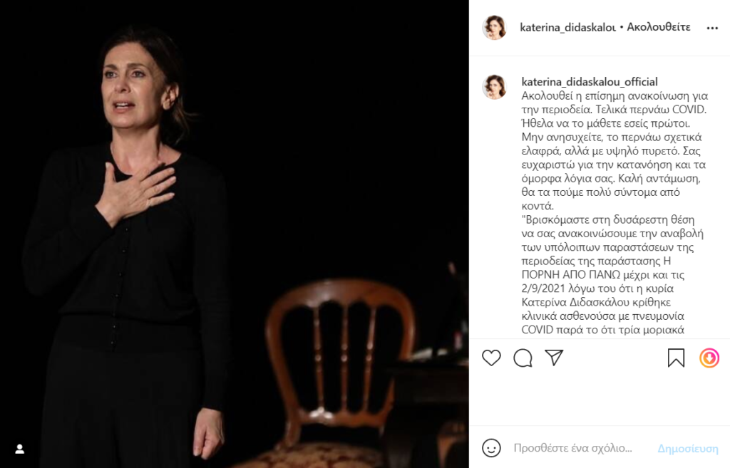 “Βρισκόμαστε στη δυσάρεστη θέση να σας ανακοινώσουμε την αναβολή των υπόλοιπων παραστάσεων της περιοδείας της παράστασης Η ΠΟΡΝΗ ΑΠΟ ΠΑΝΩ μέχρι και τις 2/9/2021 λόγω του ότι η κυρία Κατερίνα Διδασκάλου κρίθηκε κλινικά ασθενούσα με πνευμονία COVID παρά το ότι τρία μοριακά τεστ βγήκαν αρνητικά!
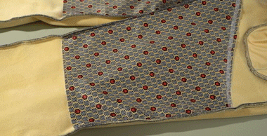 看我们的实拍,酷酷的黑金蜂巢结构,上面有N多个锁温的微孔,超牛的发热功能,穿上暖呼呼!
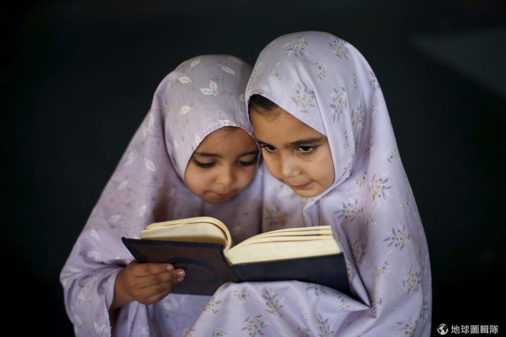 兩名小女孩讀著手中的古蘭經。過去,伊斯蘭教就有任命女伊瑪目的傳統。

+++++

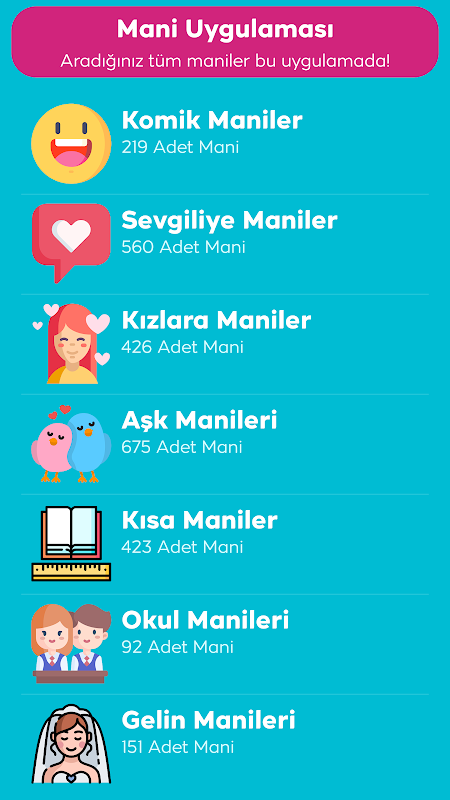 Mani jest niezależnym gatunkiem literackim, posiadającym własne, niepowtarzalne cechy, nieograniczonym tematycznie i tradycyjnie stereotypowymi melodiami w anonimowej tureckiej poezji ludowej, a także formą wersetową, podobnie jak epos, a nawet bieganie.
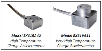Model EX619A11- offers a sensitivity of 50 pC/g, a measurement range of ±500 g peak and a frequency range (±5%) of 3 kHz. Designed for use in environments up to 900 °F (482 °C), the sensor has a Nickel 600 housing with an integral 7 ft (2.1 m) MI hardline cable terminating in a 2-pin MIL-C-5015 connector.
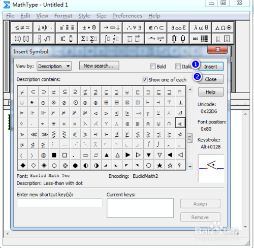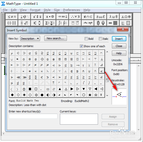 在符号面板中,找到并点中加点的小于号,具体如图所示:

+++++

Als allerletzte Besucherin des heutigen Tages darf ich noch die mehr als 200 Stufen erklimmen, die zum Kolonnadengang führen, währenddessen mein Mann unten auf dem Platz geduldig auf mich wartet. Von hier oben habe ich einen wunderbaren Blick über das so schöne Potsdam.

+++++

The stretch above running from the line with "看我们的实拍,酷酷的黑金蜂巢" through the line with "兩名小女孩讀著手中的古蘭經。過去,伊斯蘭教就有任命女伊瑪目的傳統。" is all you should copy, exactly, leaving out the pictures.

* Task response
 看我们的实拍,酷酷的黑金蜂巢结构,上面有N多个锁温的微孔,超牛的发热功能,穿上暖呼呼!
 兩名小女孩讀著手中的古蘭經。過去,伊斯蘭教就有任命女伊瑪目的傳統。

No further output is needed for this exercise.